EXERCISE: Leave out every picture and set down, exactly, the lines below from the one holding "The Kasama Strawberry" up to and including the one holding "Cada peça é".

INPUT:
──────────

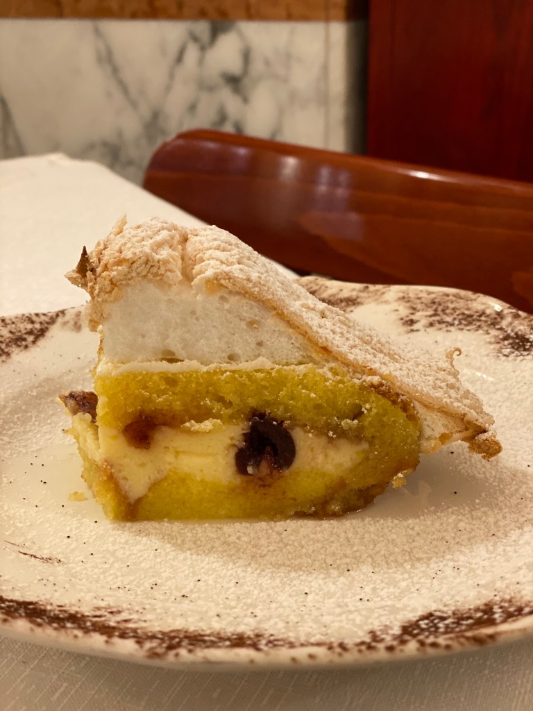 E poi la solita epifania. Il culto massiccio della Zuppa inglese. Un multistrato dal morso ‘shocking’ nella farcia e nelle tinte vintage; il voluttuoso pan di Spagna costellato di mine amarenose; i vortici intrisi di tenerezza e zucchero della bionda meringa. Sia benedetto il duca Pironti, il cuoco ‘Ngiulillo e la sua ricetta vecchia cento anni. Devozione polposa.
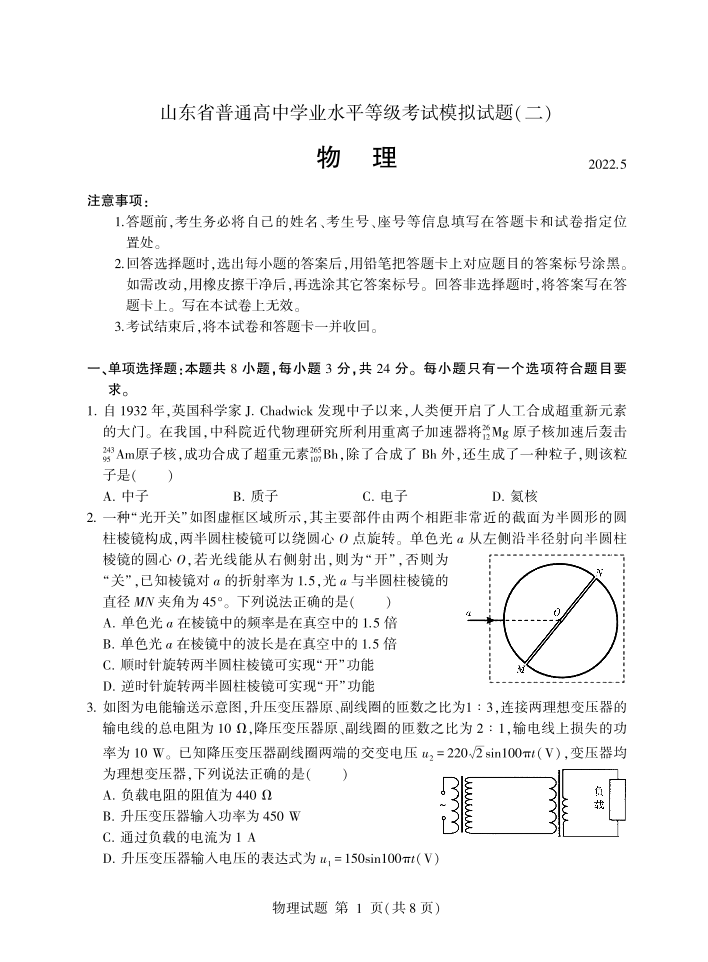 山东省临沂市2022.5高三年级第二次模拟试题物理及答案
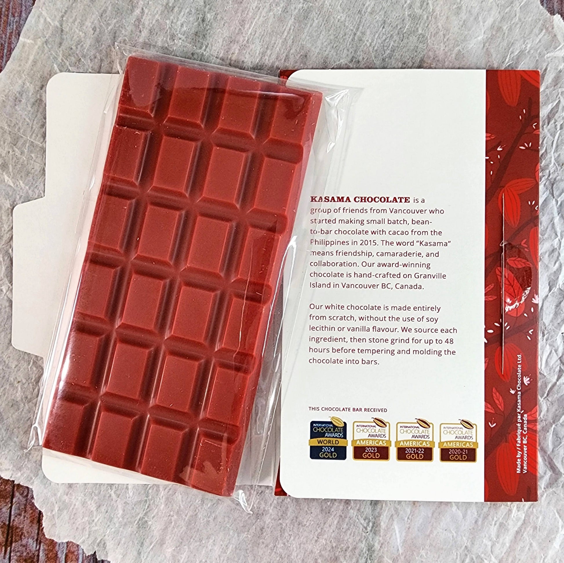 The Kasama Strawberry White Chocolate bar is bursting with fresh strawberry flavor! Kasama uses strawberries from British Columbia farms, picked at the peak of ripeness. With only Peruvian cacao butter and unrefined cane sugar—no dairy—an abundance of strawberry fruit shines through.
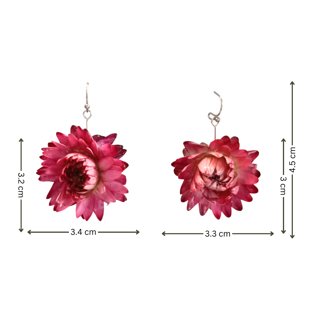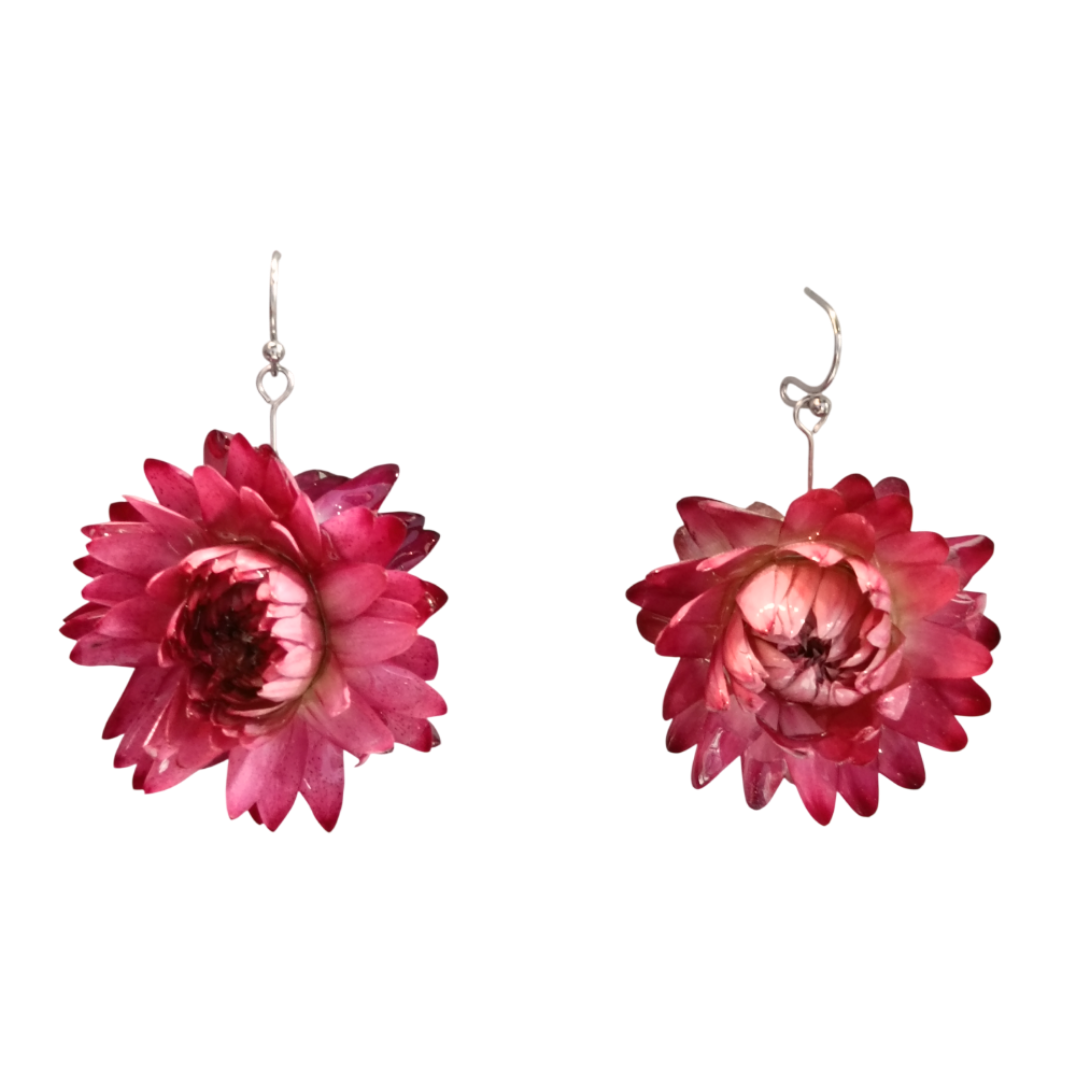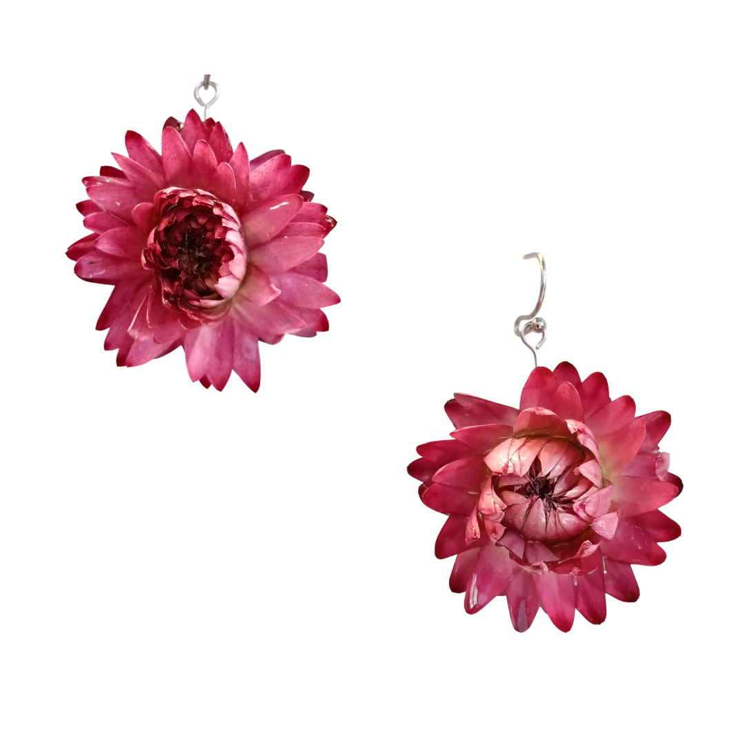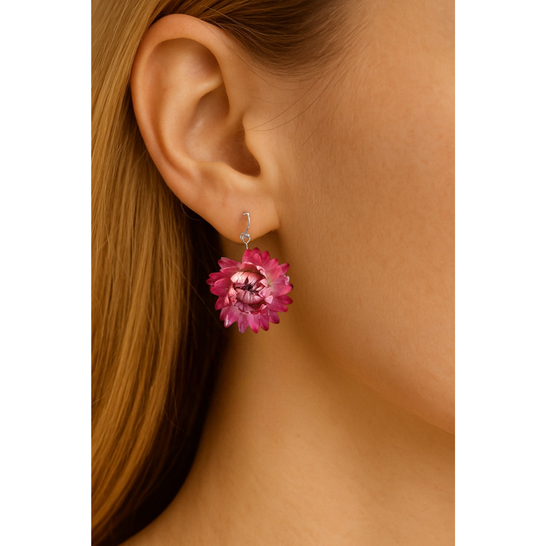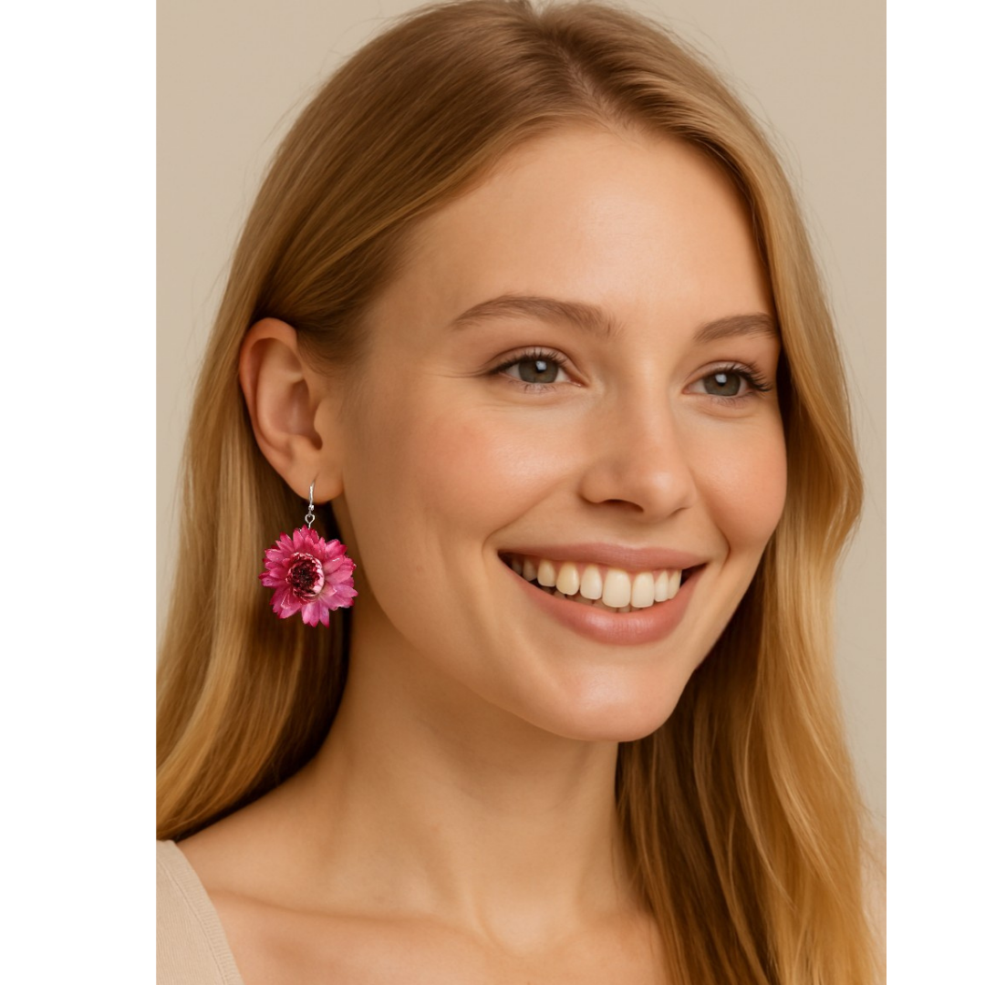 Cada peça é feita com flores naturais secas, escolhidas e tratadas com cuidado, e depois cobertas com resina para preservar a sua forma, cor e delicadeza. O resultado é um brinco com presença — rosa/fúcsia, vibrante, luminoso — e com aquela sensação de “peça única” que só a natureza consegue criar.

──────────

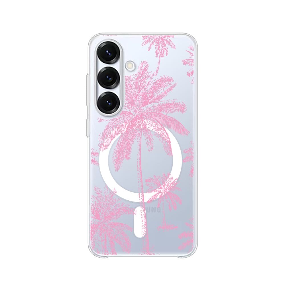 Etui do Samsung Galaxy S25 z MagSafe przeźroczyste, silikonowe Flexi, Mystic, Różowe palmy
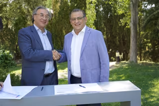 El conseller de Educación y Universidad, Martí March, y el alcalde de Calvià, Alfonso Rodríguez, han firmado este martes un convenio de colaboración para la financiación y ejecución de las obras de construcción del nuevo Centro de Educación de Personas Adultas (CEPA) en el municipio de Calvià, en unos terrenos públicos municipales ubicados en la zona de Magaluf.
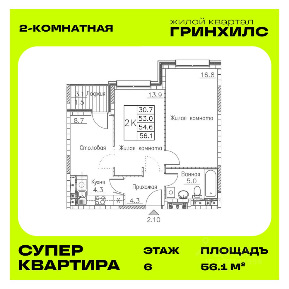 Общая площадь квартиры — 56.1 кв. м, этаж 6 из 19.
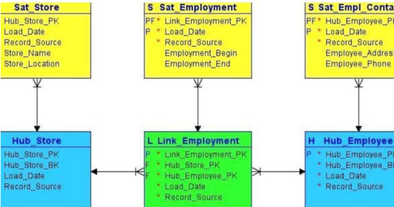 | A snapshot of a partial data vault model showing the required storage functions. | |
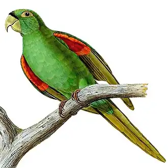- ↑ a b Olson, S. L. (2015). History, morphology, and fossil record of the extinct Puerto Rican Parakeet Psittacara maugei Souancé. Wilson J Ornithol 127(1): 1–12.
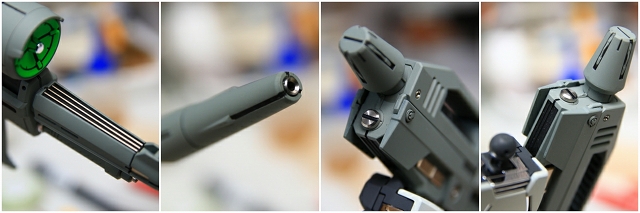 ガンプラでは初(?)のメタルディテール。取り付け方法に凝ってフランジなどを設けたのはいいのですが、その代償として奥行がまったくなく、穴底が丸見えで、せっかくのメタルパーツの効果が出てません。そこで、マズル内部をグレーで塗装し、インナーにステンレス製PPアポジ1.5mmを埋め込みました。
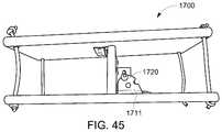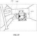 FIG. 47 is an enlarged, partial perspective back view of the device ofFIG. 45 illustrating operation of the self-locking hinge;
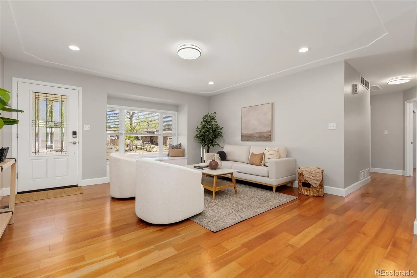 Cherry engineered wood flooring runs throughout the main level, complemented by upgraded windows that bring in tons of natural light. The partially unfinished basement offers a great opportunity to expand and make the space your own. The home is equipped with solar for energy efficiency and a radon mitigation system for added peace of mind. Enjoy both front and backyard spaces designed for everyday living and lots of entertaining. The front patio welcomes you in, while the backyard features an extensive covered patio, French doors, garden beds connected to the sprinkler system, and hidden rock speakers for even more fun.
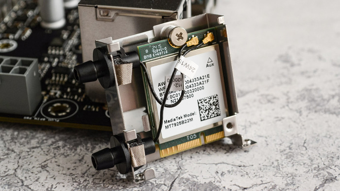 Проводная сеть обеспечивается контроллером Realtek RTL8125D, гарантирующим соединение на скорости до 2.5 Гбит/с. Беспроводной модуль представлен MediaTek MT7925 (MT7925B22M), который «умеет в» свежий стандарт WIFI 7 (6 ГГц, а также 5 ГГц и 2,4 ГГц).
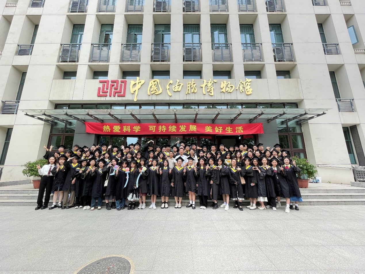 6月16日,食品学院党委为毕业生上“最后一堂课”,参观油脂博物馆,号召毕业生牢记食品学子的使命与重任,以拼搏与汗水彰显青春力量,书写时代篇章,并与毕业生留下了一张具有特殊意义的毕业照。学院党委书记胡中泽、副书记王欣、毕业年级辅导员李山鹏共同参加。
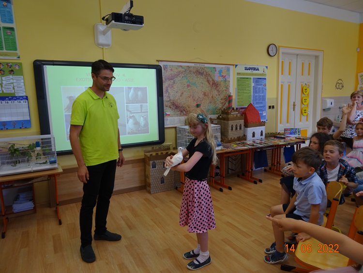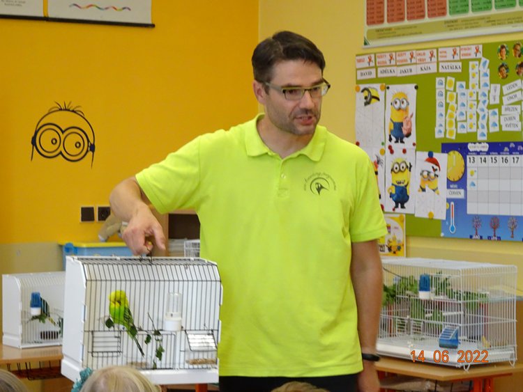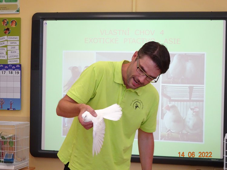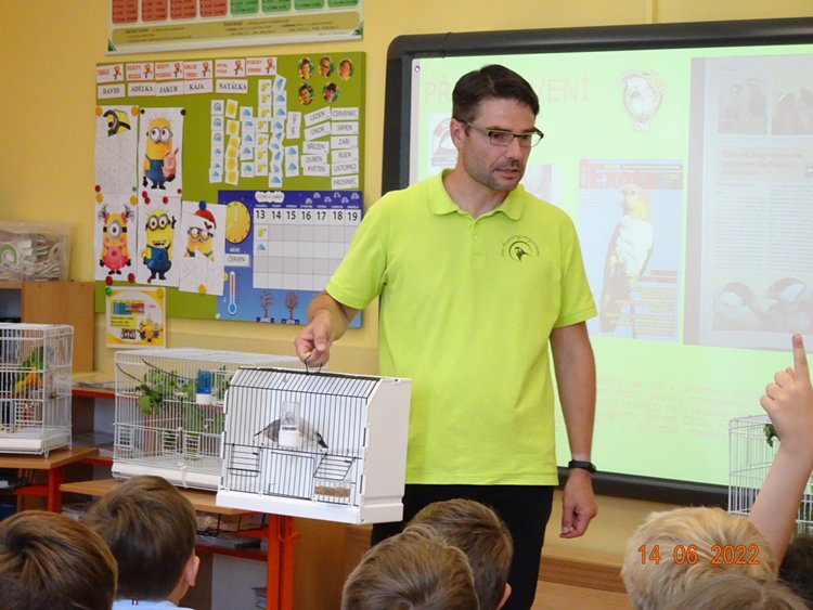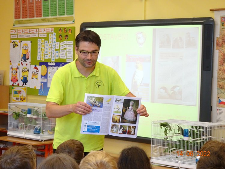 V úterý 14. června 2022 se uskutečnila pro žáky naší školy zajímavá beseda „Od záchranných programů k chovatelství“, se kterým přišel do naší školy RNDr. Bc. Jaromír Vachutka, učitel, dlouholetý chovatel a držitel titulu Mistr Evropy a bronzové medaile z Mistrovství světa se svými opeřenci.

──────────

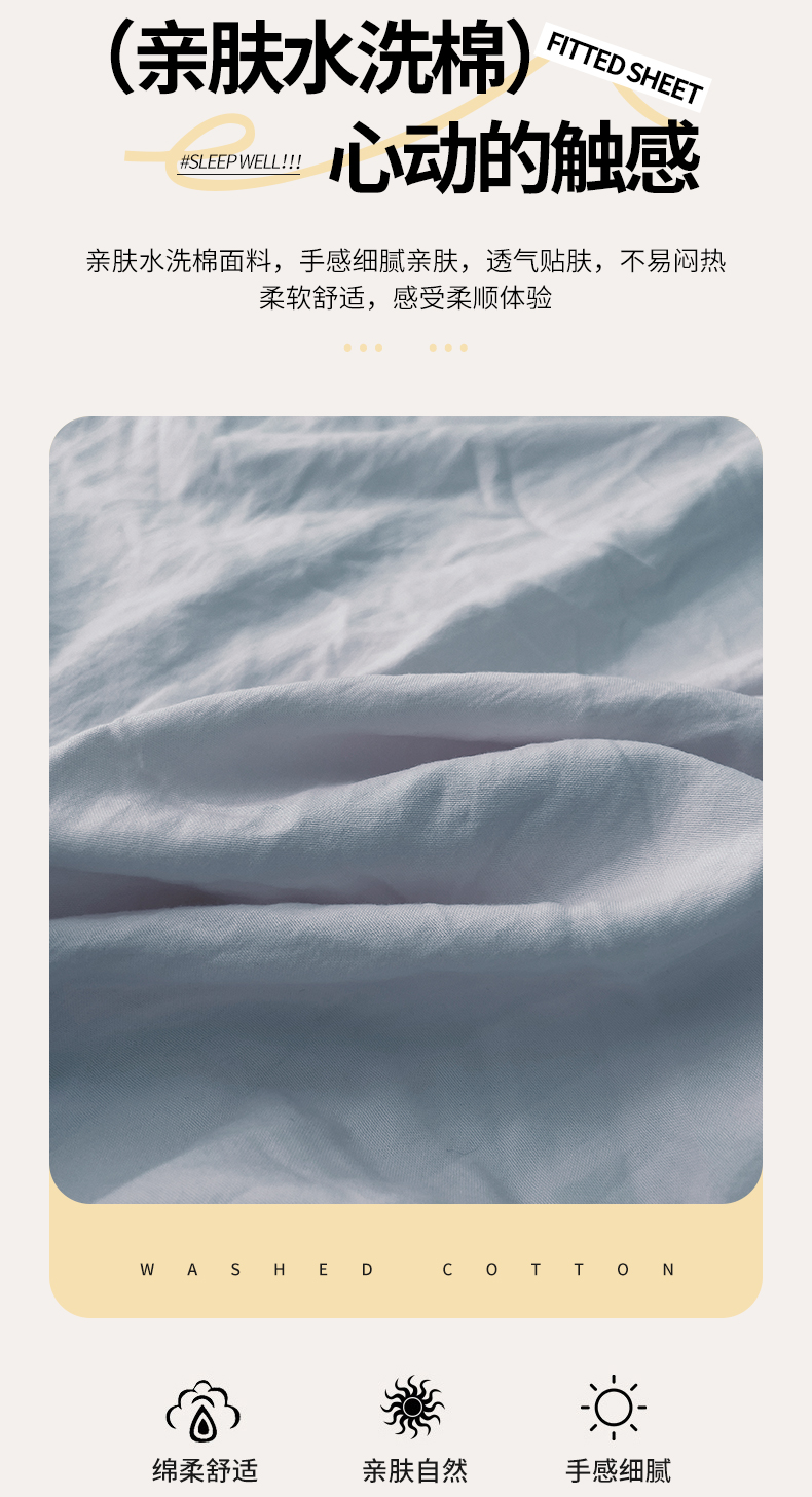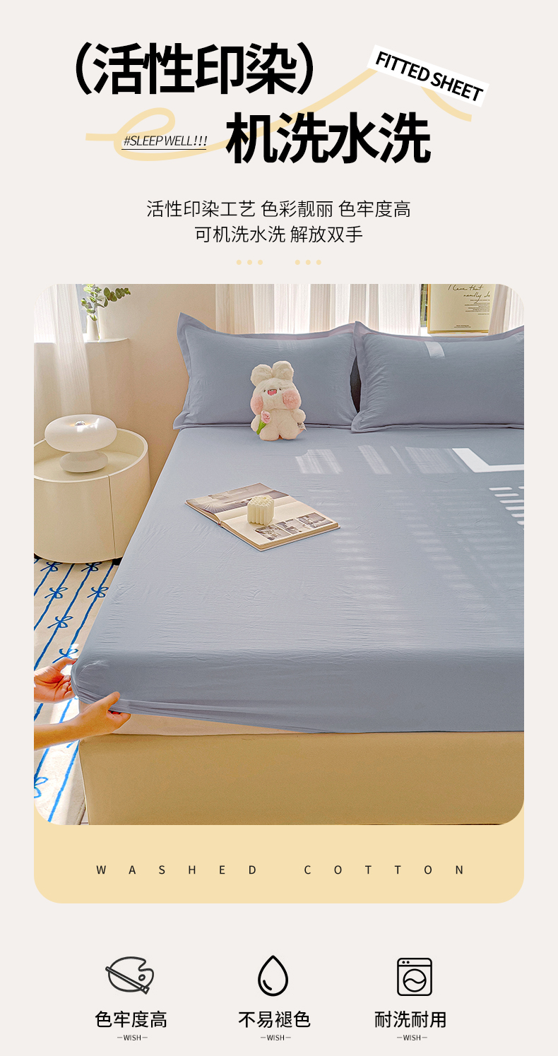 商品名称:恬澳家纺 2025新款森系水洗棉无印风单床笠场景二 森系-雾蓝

──────────

ANSWER FOR THIS EXERCISE:
 The Kasama Strawberry White Chocolate bar is bursting with fresh strawberry flavor! Kasama uses strawberries from British Columbia farms, picked at the peak of ripeness. With only Peruvian cacao butter and unrefined cane sugar—no dairy—an abundance of strawberry fruit shines through.
 Cada peça é feita com flores naturais secas, escolhidas e tratadas com cuidado, e depois cobertas com resina para preservar a sua forma, cor e delicadeza. O resultado é um brinco com presença — rosa/fúcsia, vibrante, luminoso — e com aquela sensação de “peça única” que só a natureza consegue criar.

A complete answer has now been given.